Yahoo Music Review - Bionic
Designed as a two-minute anthem for the mosh-pit hardcore; unfortunately the choruses totally, totally dominate the whole thing, to the extent where the marginalized bridges just don't get a look-in, and feel terribly weak and watery. But the shouty choruses do kick arse, maybe a little bit too crudely for a gig-centred band. The closest comparison would be early-era Placebo, but King Adora are very different, both in terms of going all-out for big sound, instead of building and planning the Molko way. But whatever you think of the music itself, which is damn decent, it's still utterly incomparable if you need anything to annoy a neighbour with.
Scene One Gig Review Brummie glam-stomping Manic Street Preacher wannabes, King Adora, once again take their glitter punk squeals on the road. As they seem to be constantly touring, it's difficult to tell when one's finished and the next has started. This time they're accompanied by pop artists, Mo*Ho*Bish*O*Pi.

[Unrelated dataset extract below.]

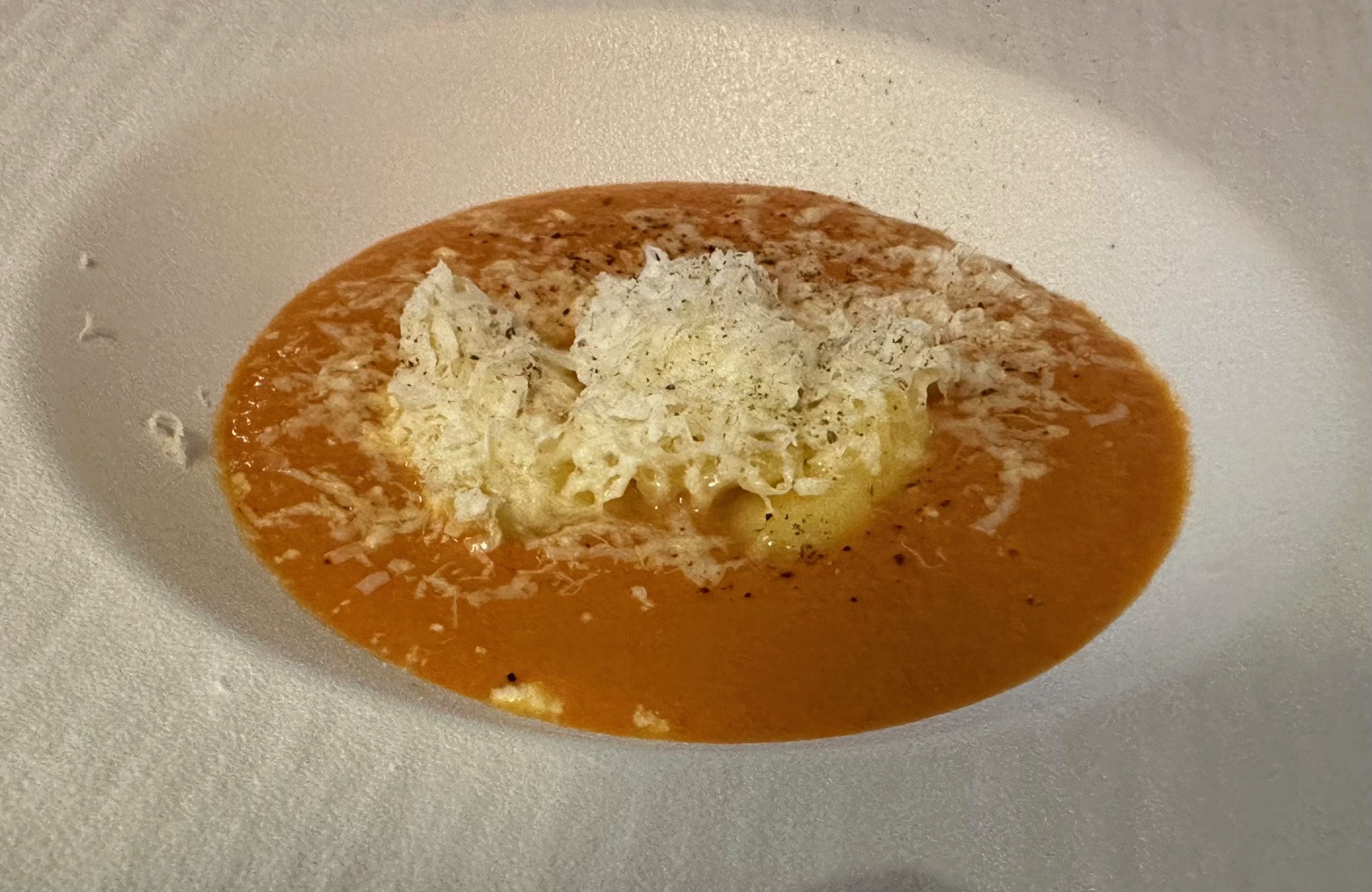 As an avowed teetotaler, my (small) disappointment at Mixtli not offering Big Red quickly abated when Laura told me about Mixtli’s bar program. That program includes a panoply of non-alcoholic beverages for those of us who don’t imbibe the “adult” stuff. Each non-alcoholic beverage showcases Laura’s immense talent and creativity. Like the restaurant’s cuisine, the bar program offers a variety of cocktails rooted in the history and romance of Mexican lore . Whether it be wine, spirits, cocktails or mocktails, you’re in for a treat. While seated at the bar, my first course arrived. The corn esquites tart (charanda, tepache foam) was a one-bite masterpiece of deliciousness, so sublime I wanted a platter of ten. Laura explained that charanda is typically a Mexican spirit made from sugarcane, but she doesn’t allow it to ferment long enough to become alcohol. Similarly tepache is made by fermenting fruit skins with piloncillo, spices and water. Apparently I was so eager to try my hand at imitating Guy Fieri, (he of the Jaws one-bite mouth) that I forgot to photograph one of the best first courses you’ll find anywhere.

Review of Bionic from Click Music Having recently graduated from the infamous Rock’n’Roll High School, King Adora have certainly mastered the art of being text-book glam punk: wild hair colours, pouting and nail varnish are in plentiful supply with this trio. Similarly, their music typifies the glam punk thang, and both aspects are very well proved by the video of this, the re-release of their very first single (video available on CD2). If you’re pining over the Manics’ move away from ‘Generation Terrorists’, you'll love this. It's virtually the same.

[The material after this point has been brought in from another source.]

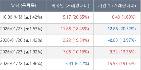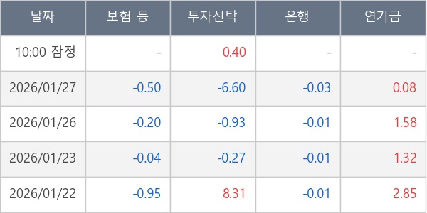 [표] 주요 기관별 순매매량 (단위 만주)

Review of Bionic rom Dotmusic These spiky haired pouting pretty boys may know all the right moves, but they haven't added any new ones of their own.

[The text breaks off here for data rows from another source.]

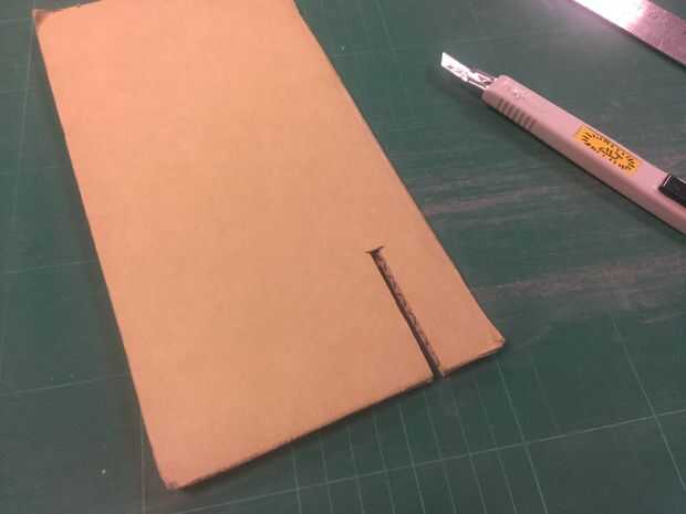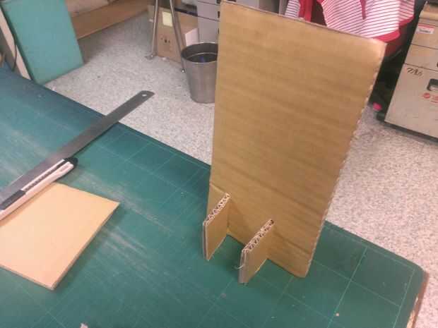 La cartulina tiene que estar bastante sólido. Corte dos líneas verticales en un pedazo de cartón de altura (~ 20-25cm?). Cortar otras dos piezas que encajan allí. Las ranuras originales deben ser lo bastante estrechas como para que las piezas de montaje no mueva mucho (en todos).
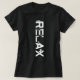 Texto vertical elegante Relájese decorado con siluetas femeninas relajantes. Camiseta divertida y única para las mujeres. Fondo negro u oscuro. No olvide elegir otro estilo, tamaño, color y género de la camisa. También puede transferir este diseño a otro producto, simplemente utilice la opción a continuación. ¡Diviértete, cómprate uno y sé feliz!
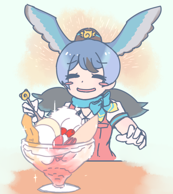 これは羽をかっぴらいてパフェを喰らうリョコ

Vibrate You review from Southern Reporter Fast furious and short are just three words that describe Vibrate You a mix of live and previously unheard tracks from King Adora.
Now I heartily welcome the first two because we need hard-hitting rock in roll but a musical content just under 40 minutes? To be fair the CD also contains five video tracks. But how can you quibble at a band who expend more energy in 40 minutes than Pink Floyd did in a career. What's more it's not wasted effort.
Whilst Vibrate You doesn't draw breath from beginning to end, what is apparent, although not immediately, is that tracks like Friday Night Explodes would be very good songs no matter hwat pace they were played at. The band know perfectly well what they are trying to achieve, the high-charged voltage injected into Afterlife (sic) is a component not an end in itself.
What is also clear is that King Adora have remained true to the attitude that made punk such a breath of fresh air but whereas punk withered on the vine because some of them, in fact a lot of them, couldn't play, Whether and Music Takes You cement the band's reputation as musicians. Both switch effortlessly and neatly between calm and chaos, without either extreme adversely affecting the song. The latter especiallt is a supreme example of power with a heart and in the end a deal of wit.
If anyone tells you they don't make them like they used to, point them in the direction of Vibrate You and you'll see all the arrogance of youth and talent combined. With their full-on style they are sire to be a smash when they take the stage at Gig on the Green on Sunday, August 26.